…がくれた、幸せ
伴侶
文・秋津良晴 絵・中山成子
 
 兄はオーディオ作りや、写真を趣味にしていました。義兄はチラシなどの商品撮影の仕事をしていました。そんな状況だからボクがカメラに汚染されないわけはありません。高校生になると修学旅行のお金で、一眼レフカメラを買うなどしたものだから、「カメラマニア」と言われるようになっていました。潜り込んだ出版社にはいつもカメラをぶら下げて通っていました。いつの間にかカメラマンにされていました。「仕事になる」と思ったので、機材を揃えました。お金がかかりました。生活が苦しくなりました。明日、どうするかを思い悩んで、夜中、街中をさ迷ったことが度々ありました。徐々に仕事は増えたけれど生活は苦しく、いい写真も撮れなくなっていました。しかし、一方で、編集やデザインの力は認められ始めていたのです。写
真を続けるか、転職するか、迷いの最中にありました。
 「迷い」は囚われから生じます。進路などを決断する時、親は「よく考えろ」と言います。しかし、先が見える人はいないのだから、考えたところで正しい答えは出ません。それでも考える。そして時間だけが過ぎてしまって、成り行きで決まってしまいます。無駄な時間を貪っただけなのです。不安は残ったままなのです。
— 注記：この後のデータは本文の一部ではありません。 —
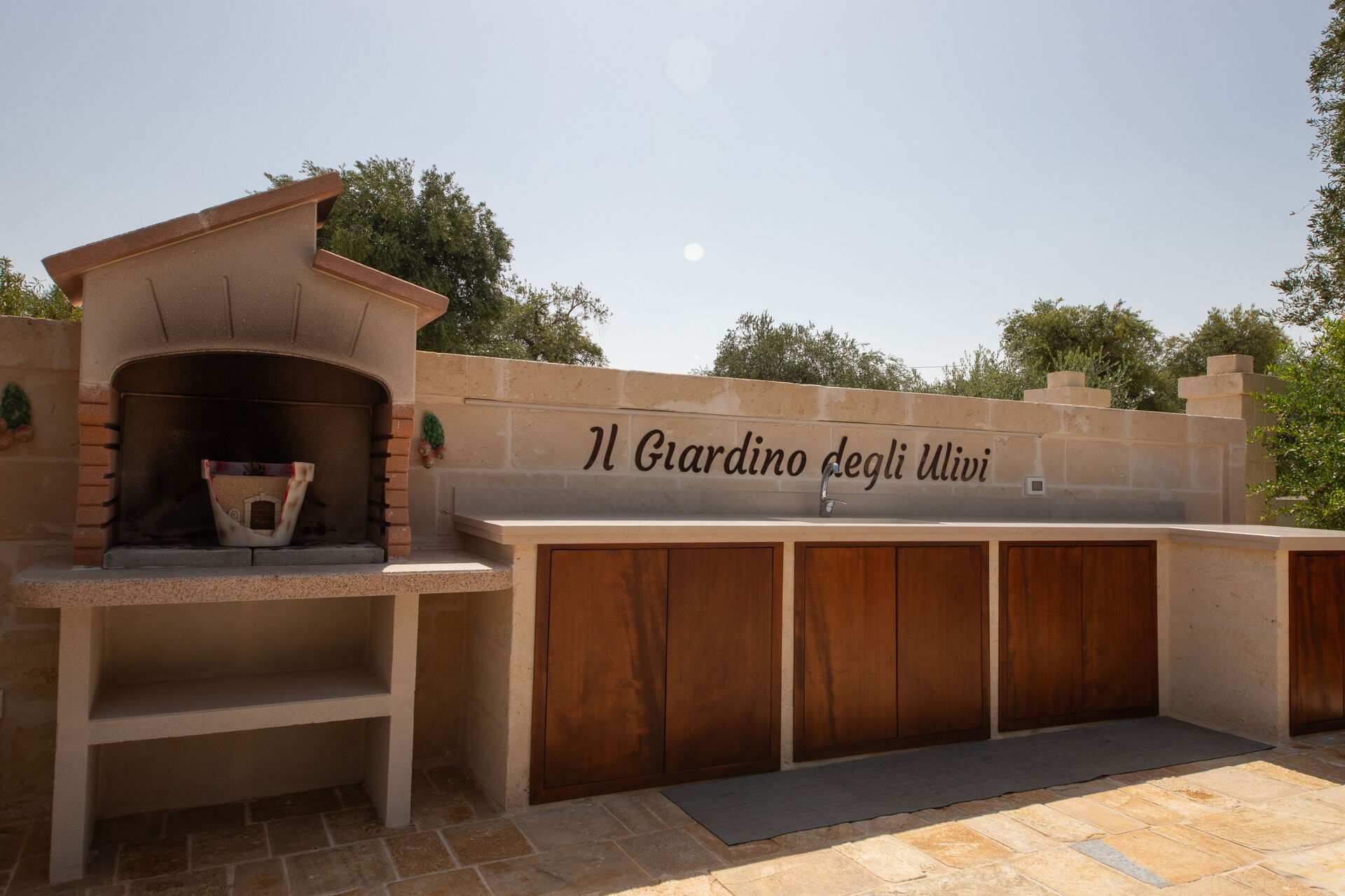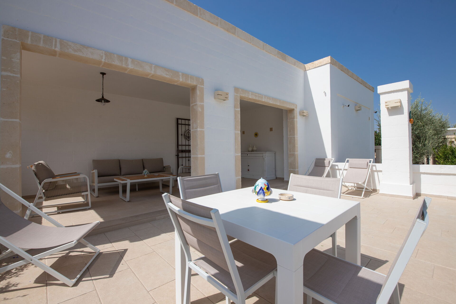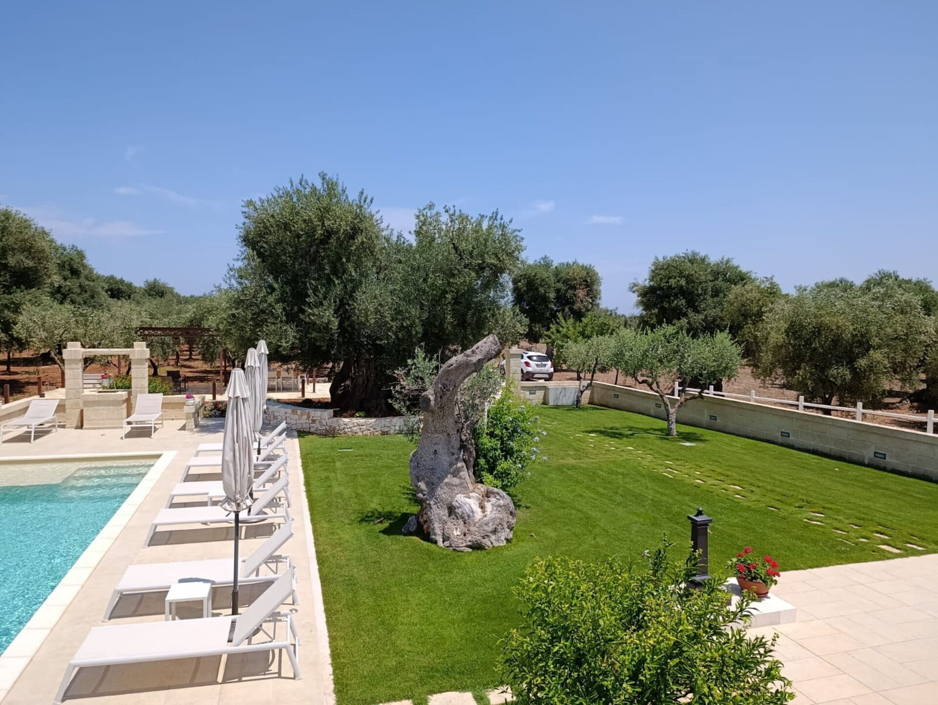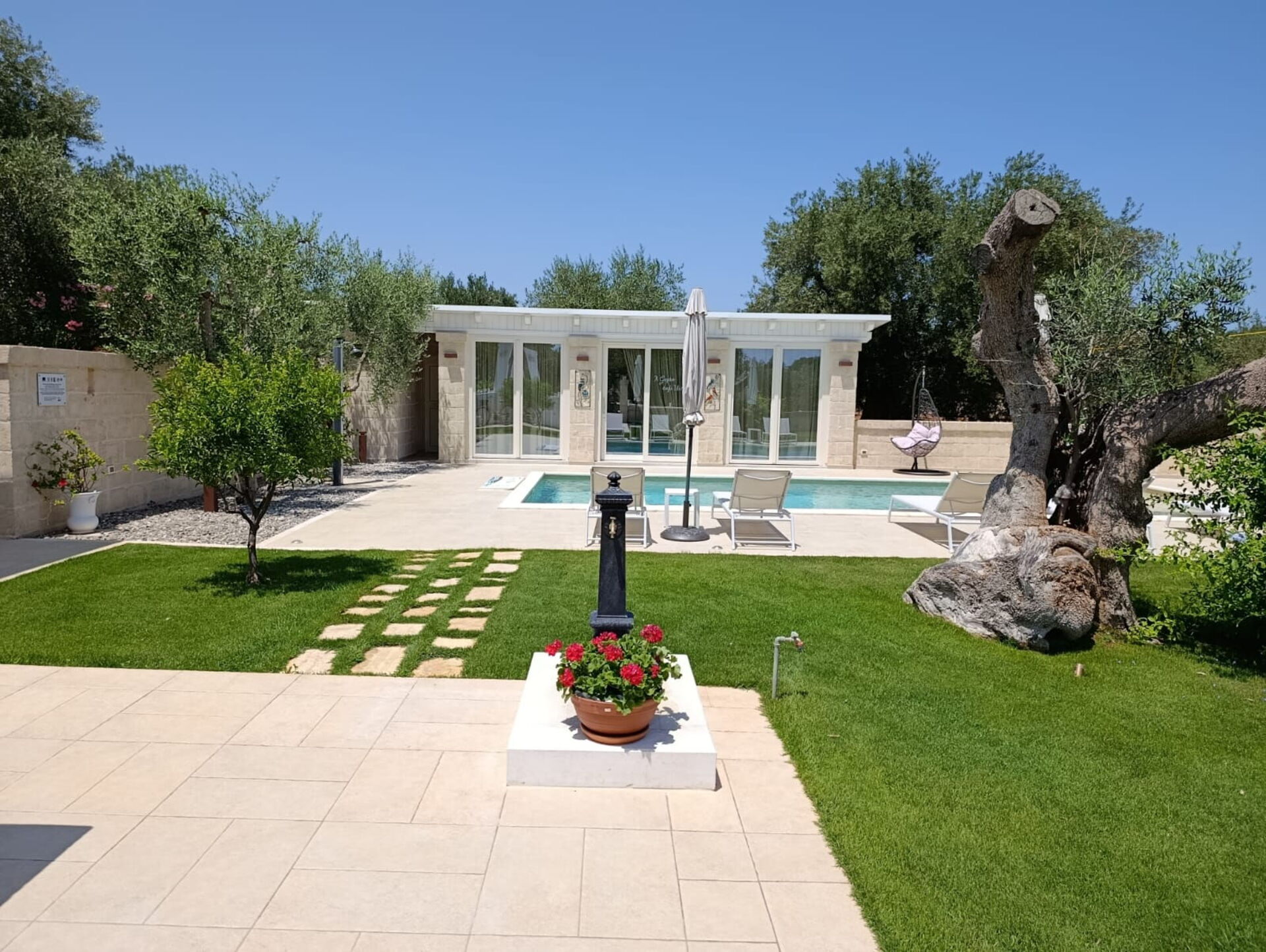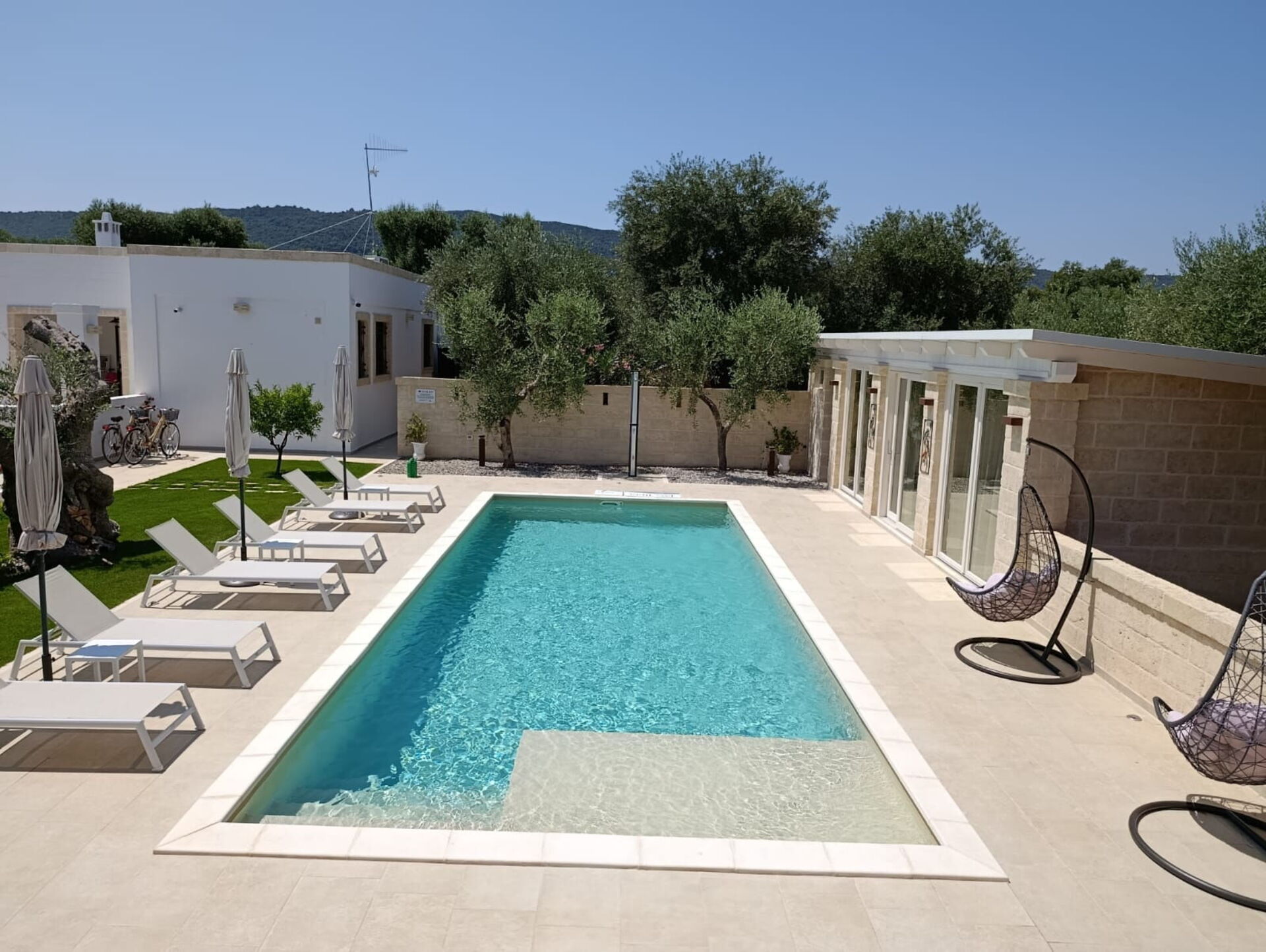 Esternamente, oltre all’elegante piscina ad uso esclusivo degli ospiti, la proprietà dispone di ampie zone comuni per poter trascorrere le vostre giornate all’aria aperta: un grande pergolato con una bella zona relax e un barbecue in muratura.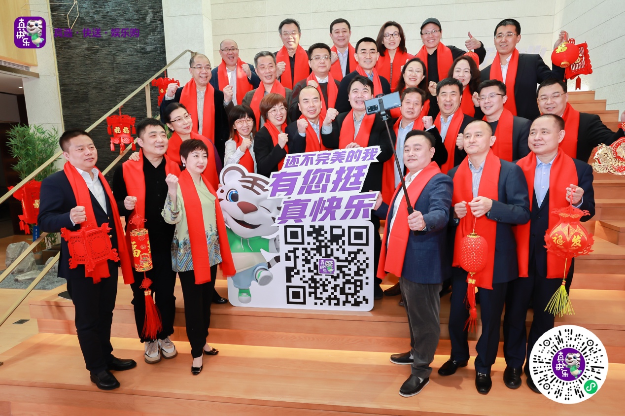 他還表示,“今天元宵節(jié),我特別邀請全國消費者,掃碼‘真快樂’A PP,來‘真快樂’體驗!”合影時,黃光裕帶頭玩起了自拍,他牽著“真快樂小虎”,特別提議在這個快樂的節(jié)日,大家一起為“真快樂”A PP打C ALL。他帶領(lǐng)高管們向全體國美員工、各界合作伙伴、全國消費者,一起發(fā)出“還不完美的我,有您挺!真快樂!”的熱情邀請和真摯祝福,將元宵國美全家福快樂定格。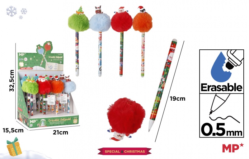 DŁUGOPIS ŚCIERALNY ŚWIĄTECZNY Z POMPONEM
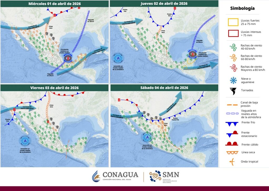 Viento de 30 a 40 km/h con rachas de 50 a 70 km/h en Baja California, Tabasco, Campeche, Yucatán y Quintana Roo.
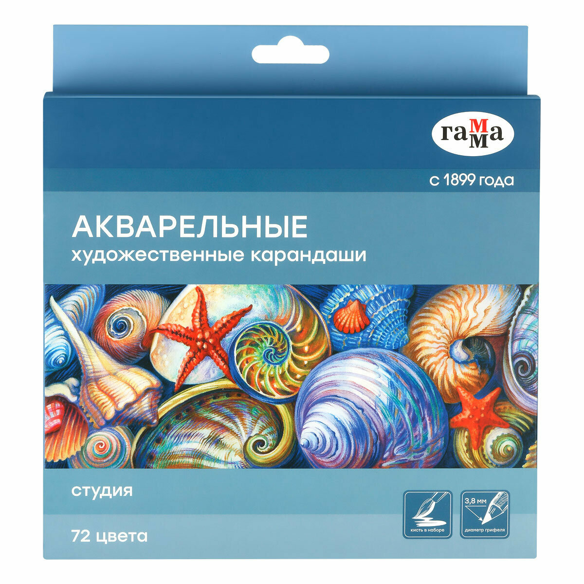 Карандаши акварельные художественные 72 цвета Гамма "Студия" (L=175мм, d=3.8мм, 6гр) картон. упаковка (110822_72)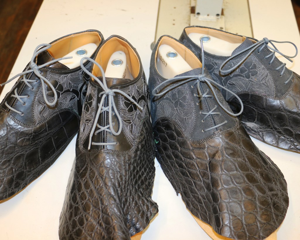 Surprise! There are two pairs of these shoes! I couldn’t decide if I wanted the design to be stitched on the smooth side or the fuzzy side of the leather so I’m making a pair of each. Which one do you like best?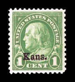 444 nhu 658 image#658, 1c "Kans." ovpt., excellent centering within remarkably wide margins for this series, lovely rich color, unblemished o.g., n.h., extremely fine; 2005 PSE certificate (XF-Superb 95 Jumbo; SMQ $105.00 for 95 and $410.00 for 98). (Image) $4.00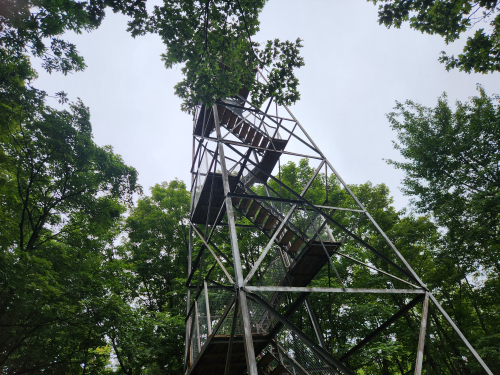 Swede Mountain tops out at 1904′ and the tower is another 50′. But it was cloudy! Too bad.

 迷った時は右も左もリスクは一つと思い決めて、一方を「捨てる」しかありません。あれこれ抱え込んでいるモノを捨てなければ何も始まらない。ボクの場合のそれは「カメラ」だったのです。プロになる気で揃えて来た機材を捨てることは忍びがたいことでした。編集やデザインに転職しても、成功するとは、誰も約束してくれていません。「捨てる」とは、カメラを持っていたいと言う「欲」を断つことであり、先行きの「生活の不安」と闘うことだったのです。ふと、思いました。選ぶ時に大事なことは「考えて先(結果)を見通そうとする事」ではなく、決めてしまって「結果を良くする決意」だと。そして、「そこから(何もないところ)始まる」と覚悟する事だと。ボクは腹を据え、デザインへの道を目指したのでした。